VALÈNCIA. Renato Cesarini fue un interior derecha de gran clase que desarrolló su carrera deportiva en los años treinta, a caballo entre Italia, el país en el que nació, y Argentina, la tierra en la que se crio. Los que lo vieron jugar y escribieron sobre él lo describen como un futbolista con llegada al área, fuerte y con muy bien dominio de balón, que aparecía en segunda línea para anotar goles para su equipo. Tras debutar en Chacarita Juniors, emigró a Italia a principios de la década de los treinta para enrolarse en la Juventus, un equipo entonces secundario en un campeonato italiano que dominaban Genoa, Bologna e Inter. Junto con futbolistas como Raimundo Orsi o Giovanni Ferrari, Cesarini contribuyó a escribir la primera página brillante en el libro de honor del club turinés, al ganar durante cinco años consecutivos el título liguero, lo que se conoció como “Il Quinquenio d'Oro”. Su juego también le valió la internacionalidad con la selección neroazzurra y, en un partido de la extinta Copa de la Europa Central, consiguió el gol de la victoria contra Hungría en el último minuto del encuentro que significó el triunfo italiano por 3-2. Fue el primero de los muchos goles que Cesarini anotó en los postreros instantes de los partidos, que lo convertirían en un especialista en ese momento mágico del juego en el que el partido toca a su fin y puede voltearse con un lance inesperado. Cesarini contaba que jugaba con reloj, algo que favorecían las camisetas de manga larga de la época, y estaba pendiente de su muñeca para, cuando llegaran los cinco minutos finales del partido, sumarse al ataque de su equipo en busca del tanto definitivo. Su empeño fue tal y con tan buenos resultados, que su fama de goleador crepuscular acabó acuñando una expresión: la zona Cesarini.

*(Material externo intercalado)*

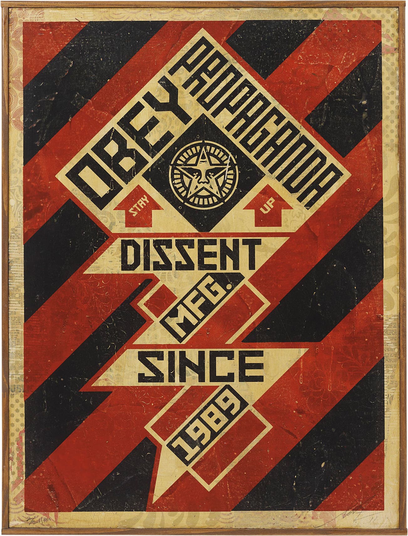 Signed 'Shepard Fairey 11' lower right and numbered '2/2 HPM' lower left. Further signed, numbered and dated '2/2 HPM Shepard Fairey 11' on the reverse. This work is accompanied by a certificate of authenticity.

La zona Cesarini se ha instalado en Mestalla en la portería del Gol Sur de forma inesperada. Ha aparecido, de repente, para rescatar a un equipo extraviado en los últimos tiempos a la hora de cerrar los partidos. Se inauguró con una remontada del Real Madrid que bajó a los más optimistas de esa nube de algodón de azúcar en la que estaba instalados soñando con títulos y olvidando las tropelías de Lim y sus sicarios y, a modo de venganza, se ha hecho fuerte en los últimos partidos de casa a favor del Valencia, cuando se mira el reloj, ya no en la muñeca del centrocampista italoargentino, se aprietan los dientes y se apela a la revuelta imposible.
La Zona Cesarini de Mestalla la ha construido un equipo agónico, fruto de los tiempos que le ha tocado vivir. Cuando, a comienzos de la temporada pasada, los saqueadores de Singapur decidieron dejar de disimular y emprendieron el desmantelamiento del área deportiva del club que siempre ha estado en sus planes para exprimir hasta el último euro del patrimonio del club, muchos pensamos en que el Valencia estaba condenado al descenso, como primer paso, y a la desaparición, como estación término del proceso. La ausencia de refuerzos, la sensación de que a los dirigentes (si se puede llamar así a unos tipos solo preocupados de beber y censurar) el porvenir del club les interesaba menos que la calidad de la cerveza en el Bar La Deportiva y el intento de deserción del entrenador, Javi Gracia, presagiaron una catástrofe inminente. Sin embargo, el equipo sobrevivió a todas las zancadillas que le ponían desde el propio club y salvó la categoría con cierta solvencia pero con una base agónica, la que le hizo sumar puntos improbables en lugares donde no estaba destinado a conquistarlos.
Este año, con Bordalás al mando, la agonía continúa, sobre todo desde que el técnico se ha dado cuenta de lo que muchos sospechábamos: que tiene un equipo muy justito para mantenerse en primera. De nuevo ha tocado recurrir a ese perfil agonístico que siempre ha tenido el club, incluso en sus épocas más críticas (cuando bajó a segunda, cuando estuvo a punto de sucumbir a la quiebra), que le hace sobrevivir, cual gato con siete vidas, a penurias que otros no soportarían. Y esa agonía tiene forma de goles en el tiempo suplementario para empatar partidos a la hora en la que Cesarini miraba su reloj.